I have read Psalms 37 over and over and over again trying to reason with God. We as Christians are suppose to help those in need with out any thing in return, but dad-gummit we are not doormats either! We cant just let people walk all over us, This has really left a bad taste in my mouth but that could be from some of the bad words I've used in my anger }:
I am really struggling with what I am suppose to do. I know what I am suppose to do, but I'm telling you it isn't that easy for me right now. And God knows that. So pray for me, my anger, hurt. I know this is a spiritual warfare that I'm in and unless I get a hold of my temper, satan is going to win and I'm going to be in jail!!!!
If you have been reading my blog at all you can see I have really been struggling with my depression lately. Although our church has really been helping me, just by getting me involved in hospitality, nursery, set up, etc. I can't seem to shake it this time. It just seems the harder I try the harder it gets. I need some good spiritual advice from all who are reading this right now, please. I just need to hear it out loud from some one on the outside looking in. Go to comments at the bottom of this blog and give me your opinion. Yes, I am asking asking for your opinion.

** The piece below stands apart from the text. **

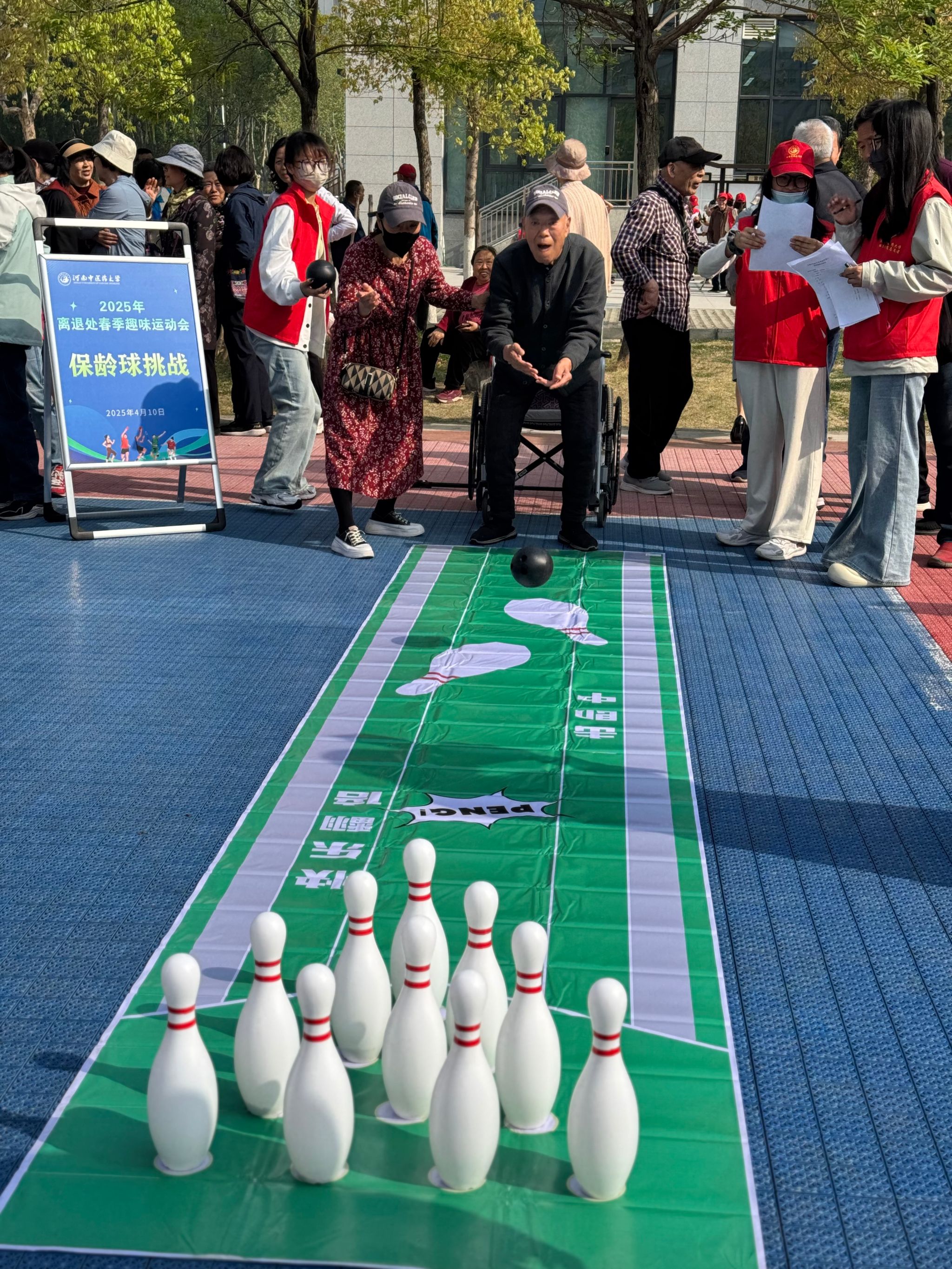 本次运动会充分考虑老年群体特点,科学设置“篮球投篮、趣味投毽子、保龄球挑战、实心球掷准”四大项目,兼顾竞技性与趣味性。离退处全体工作人员齐上阵团结协作,精准参与服务保障。体育学院30余名学生志愿者在裁判长田贺宇的带领下,8组项目依次开赛。赛场上,老同志们精神矍铄、各展所长:篮球投篮区,选手屏息凝神,精准命中篮筐;五彩毽子在空中划出优美弧线,引发阵阵喝彩;保龄球撞击瞬间的清脆声响与欢呼声交织;实心球掷准则考验巧劲与专注力,现场既充满角逐的紧张感,又洋溢着互助的温情。
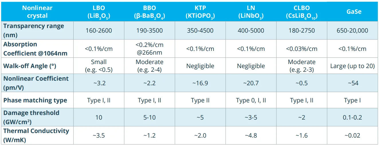 A continuación se muestra una comparación de los cristales no lineales más utilizados en términos de sus propiedades ópticas y no lineales:

Moral of this Blog: Dear God, sometimes I get angry so easily. Things go wrong, people don't act the way they should, someone's words rub me the wrong way. Help me, Father to control my emotions, my anger, to keep it from spilling out, hurting those around me. Remind me that usually when it comes right down to it, I'm angry simply because I can't have my own way. Give me strength to accept whatever You send into my life. Amen
1 comment:
Vickie--You're right...helping others always cost you something, as does being a Christian. I'm reminded of Paul and how He suffered for the sake of Christianity and I believe it's in Peter where the Bible talks about suffering for the cause of Christ. People are going to let you down...that's a given...but Christ will NOT. I know you're angry and you have a right to be, but what are you going to do with that anger? Are you going to let it eat you? Or are you going to let God deal with it in His way...not your way. Obviously this couple needs to see Jesus in a big way...what picture have you shown them? I love you girl...you don't even realize the impact you've had on my life recently. I'm here for you...you know..I don't sleep at night either..LOL!